= James Harris (solicitor) =

British solicitor, academic and professor of law

James W. Harris FBA (1940–2004) was a British solicitor, academic and professor of law at Keble College, University of Oxford.

He was born in Southwark, England and he became blind at the age of four. Harris attended the Linton Lodge School and Royal Worcester College until 1959 when he began studying at Wadham College at Oxford. He was a brilliant student, and gifted in athletics including rowing and riding.
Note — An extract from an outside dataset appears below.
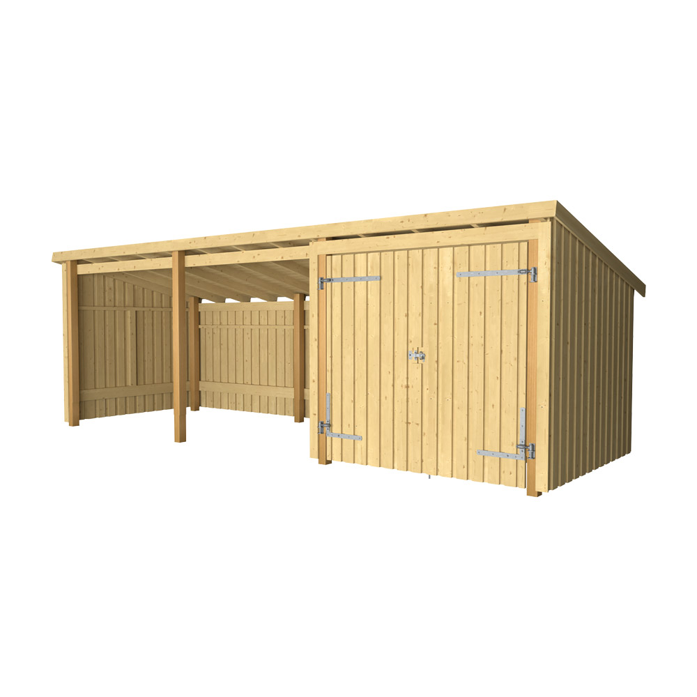 Här finns gott om plats för cyklar, trädgårdsredskap, maskiner och säsongsförvaring – samtidigt som den öppna fronten ger lätt åtkomst till det du använder ofta.

He became a solicitor and later returned to Oxford for a Bachelor of Civil Law. He taught at the London School of Economics where he pursued a PhD (subsequently published as Law and Legal Science). He became a Fellow at Keble College at Oxford in 1973, and has also taught in Sydney, Hong Kong and Princeton University. Harris was named as a Fellow of the British Academy and received the Oxford Doctorate of Civil Law.

He was married to Jose Harris, an Oxford historian, and had one son, Hugh who is now an Officer in the Royal Navy. Harris was a devout Anglican.

==Bibliography==

- Variation of Trusts (Sweet & Maxwell, London, 1975)
- Law and Legal Science (Clarendon Press, Oxford, 1979)
- Legal Philosophies (Butterworths, London, 1980, 2nd edn., 1997)
- Cross and Harris: Precedent in English Law (4th edn., Clarendon Press, Oxford, 1991)
- Property and Justice (Clarendon Press, Oxford, 1996)
- (Edited) Property Problems: From Genes to Pension Funds (Kluwer Law International, London, 1997)

Harris also authored numerous journal articles.